RECORD SET —

►

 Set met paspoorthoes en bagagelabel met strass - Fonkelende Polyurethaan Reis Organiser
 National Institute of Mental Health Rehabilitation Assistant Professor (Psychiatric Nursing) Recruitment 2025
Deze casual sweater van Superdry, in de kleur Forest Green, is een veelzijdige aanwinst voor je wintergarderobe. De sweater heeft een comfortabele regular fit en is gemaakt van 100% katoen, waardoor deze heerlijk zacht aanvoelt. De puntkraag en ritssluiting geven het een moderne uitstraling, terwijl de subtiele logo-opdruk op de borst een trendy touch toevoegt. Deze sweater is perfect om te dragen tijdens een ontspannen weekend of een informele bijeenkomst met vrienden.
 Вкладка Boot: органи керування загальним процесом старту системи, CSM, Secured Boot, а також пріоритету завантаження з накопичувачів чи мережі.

◄
►

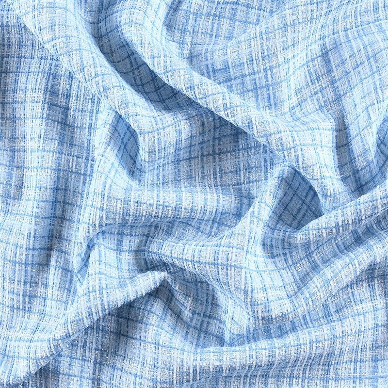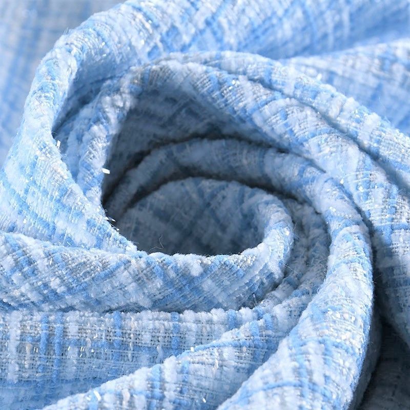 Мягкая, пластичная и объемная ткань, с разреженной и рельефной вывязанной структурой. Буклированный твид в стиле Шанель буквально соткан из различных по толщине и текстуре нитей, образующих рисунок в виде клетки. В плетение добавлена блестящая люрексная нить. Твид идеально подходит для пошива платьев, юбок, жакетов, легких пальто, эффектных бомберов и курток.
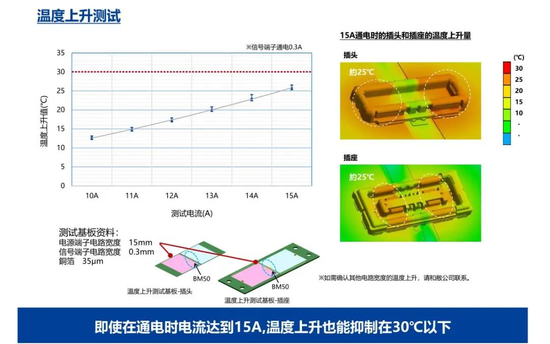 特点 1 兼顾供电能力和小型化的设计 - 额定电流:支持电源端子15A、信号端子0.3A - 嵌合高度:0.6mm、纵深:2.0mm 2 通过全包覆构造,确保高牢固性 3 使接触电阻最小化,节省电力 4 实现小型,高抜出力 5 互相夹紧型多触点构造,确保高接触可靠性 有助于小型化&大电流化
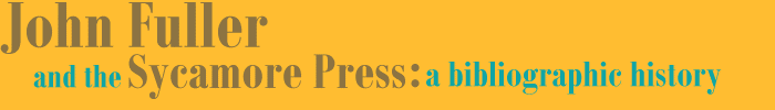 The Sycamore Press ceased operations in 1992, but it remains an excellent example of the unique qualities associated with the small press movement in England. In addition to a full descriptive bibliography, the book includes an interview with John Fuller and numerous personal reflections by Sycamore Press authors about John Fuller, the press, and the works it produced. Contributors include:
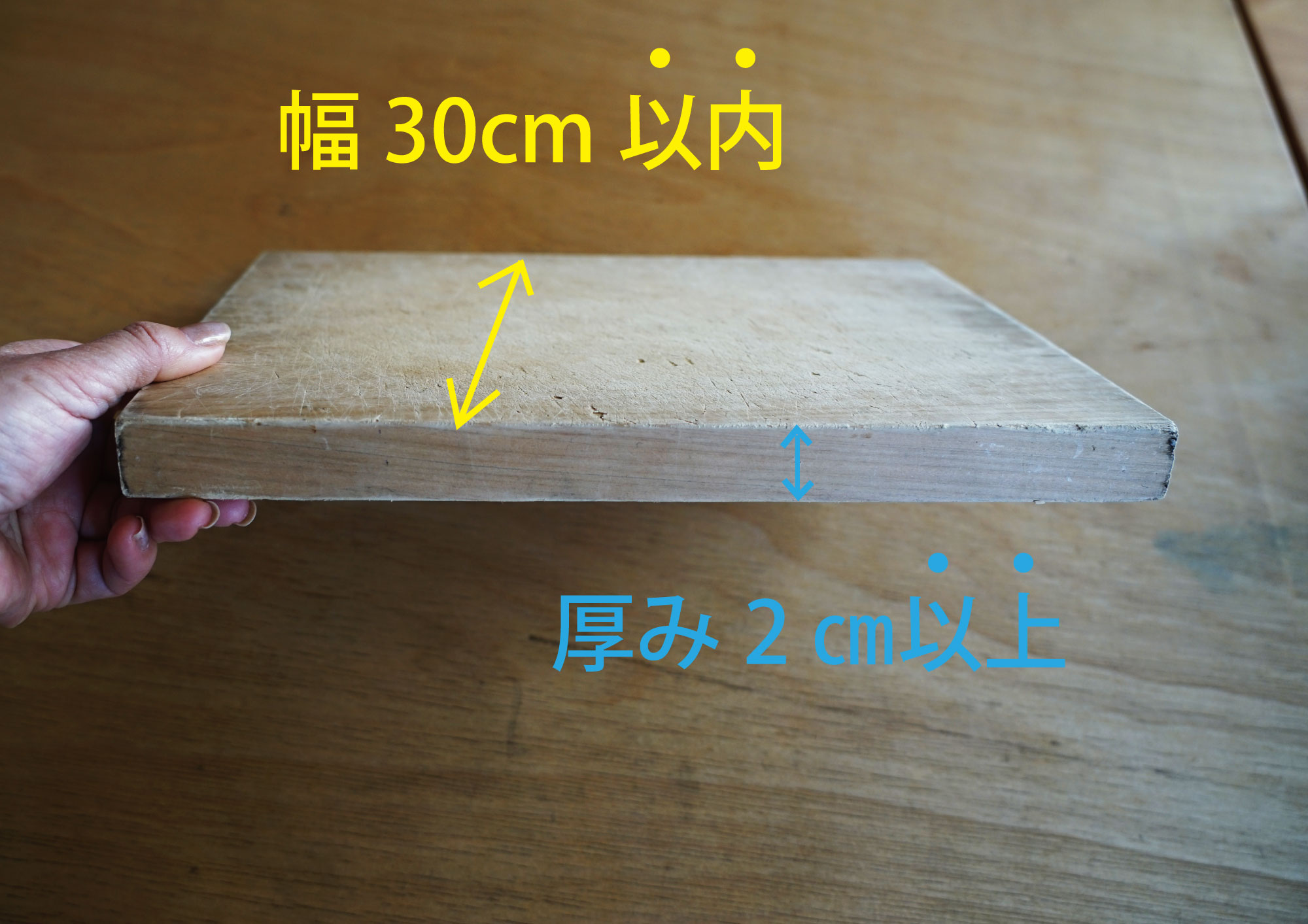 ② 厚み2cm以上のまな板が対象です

◄

TASK OBJECTIVE —
Please return the lines above that run from the line containing "Set met paspoorthoes" to the line containing "Вкладка Boot: органи", inclusive, exactly and with no other lines.

TASK SOLUTION —
 Set met paspoorthoes en bagagelabel met strass - Fonkelende Polyurethaan Reis Organiser
 National Institute of Mental Health Rehabilitation Assistant Professor (Psychiatric Nursing) Recruitment 2025
Deze casual sweater van Superdry, in de kleur Forest Green, is een veelzijdige aanwinst voor je wintergarderobe. De sweater heeft een comfortabele regular fit en is gemaakt van 100% katoen, waardoor deze heerlijk zacht aanvoelt. De puntkraag en ritssluiting geven het een moderne uitstraling, terwijl de subtiele logo-opdruk op de borst een trendy touch toevoegt. Deze sweater is perfect om te dragen tijdens een ontspannen weekend of een informele bijeenkomst met vrienden.
 Вкладка Boot: органи керування загальним процесом старту системи, CSM, Secured Boot, а також пріоритету завантаження з накопичувачів чи мережі.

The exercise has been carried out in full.